How to complete this task:
Each line below must be transcribed exactly, and no picture may appear in the transcription.

Raw data:
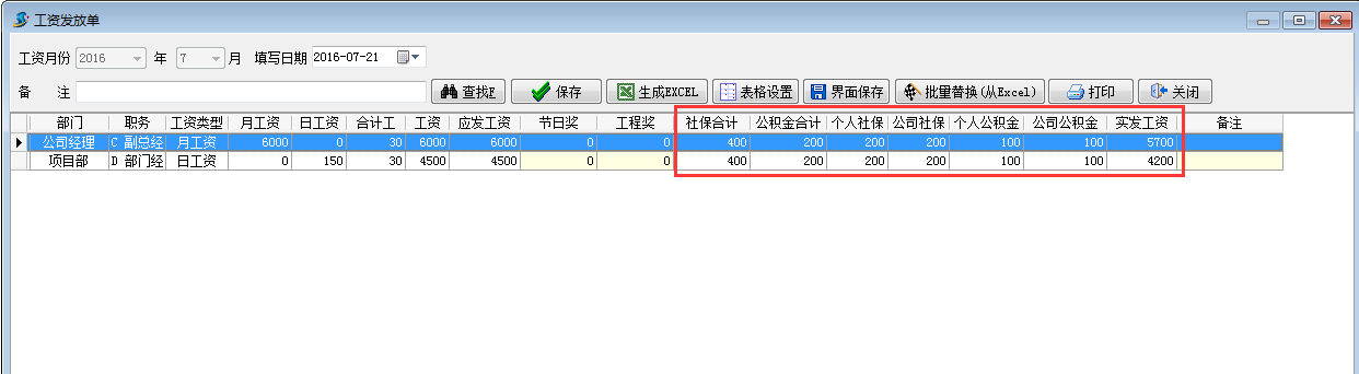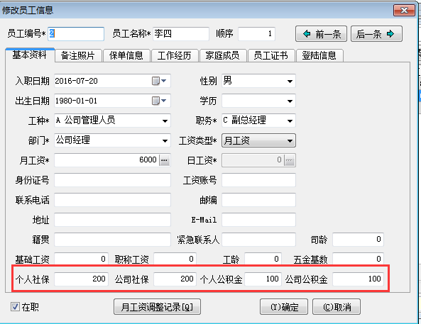 1. 首先在工程項(xiàng)目管理系統(tǒng)員工維護(hù)填寫(xiě)好個(gè)人社保,公司社保,個(gè)人公積金,公司公積金相應(yīng)的金額。如下圖:
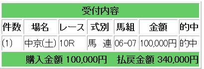 10/13 秋華賞 53万2500円の払い戻し
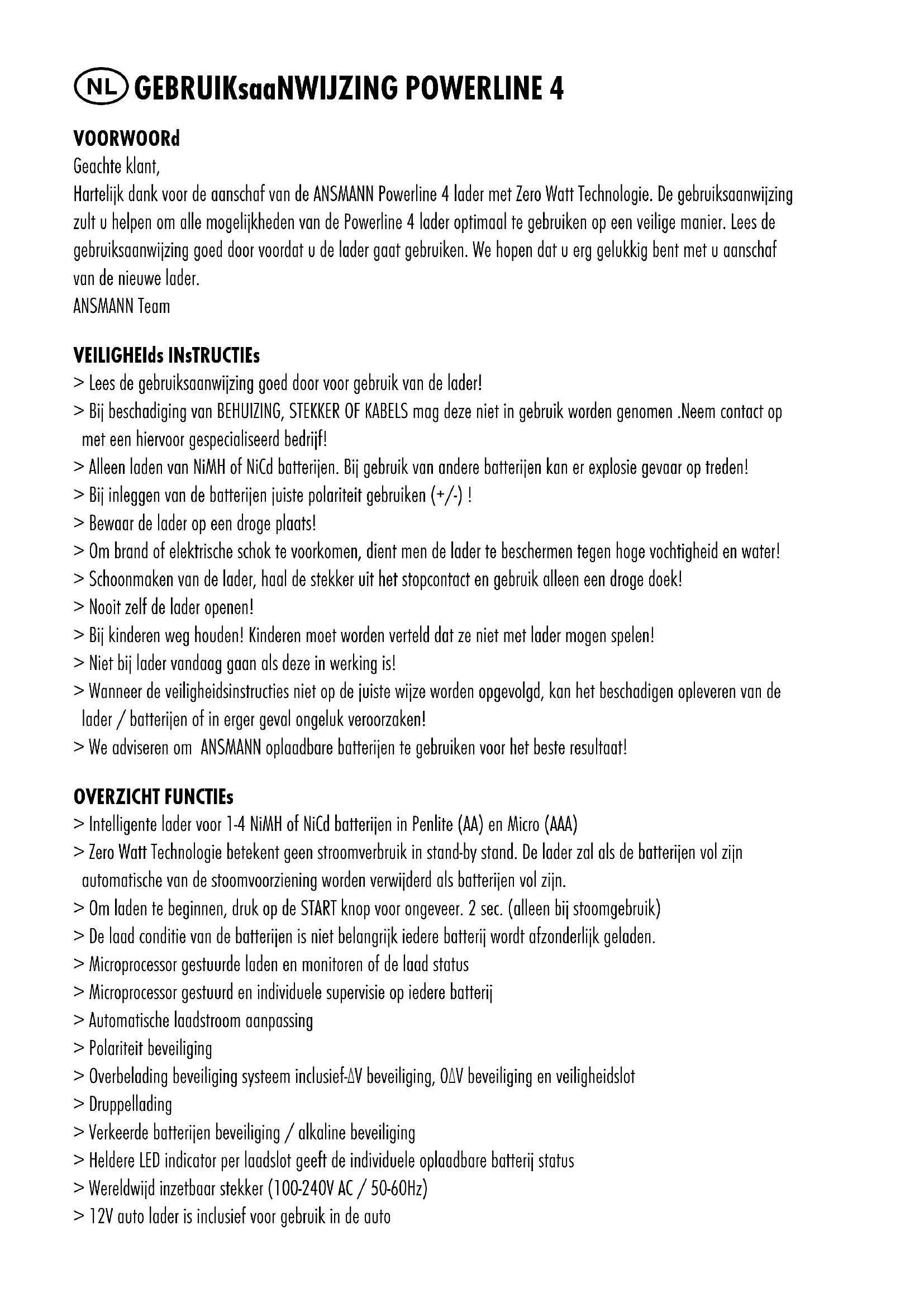 Powerline 4 Zero Watt - Batterijlader ANSMANN - Gratis gebruiksaanwijzing en handleiding
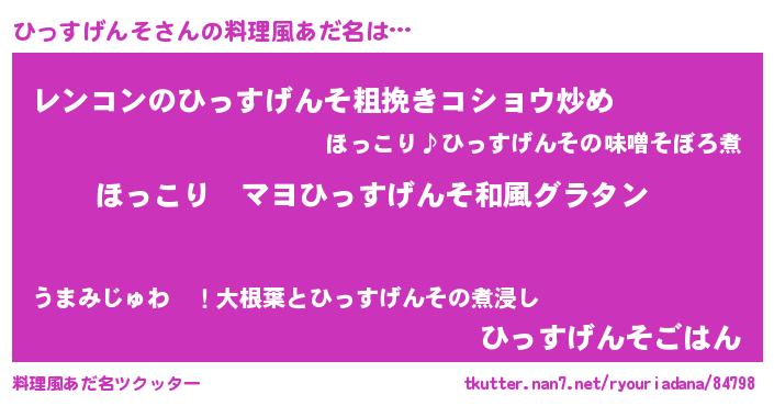 | 意味不明あだ名 | 『住所不定無職ひっすげんそ(98歳)』 |

Solution:
 1. 首先在工程項(xiàng)目管理系統(tǒng)員工維護(hù)填寫(xiě)好個(gè)人社保,公司社保,個(gè)人公積金,公司公積金相應(yīng)的金額。如下圖:
 10/13 秋華賞 53万2500円の払い戻し
 Powerline 4 Zero Watt - Batterijlader ANSMANN - Gratis gebruiksaanwijzing en handleiding
 | 意味不明あだ名 | 『住所不定無職ひっすげんそ(98歳)』 |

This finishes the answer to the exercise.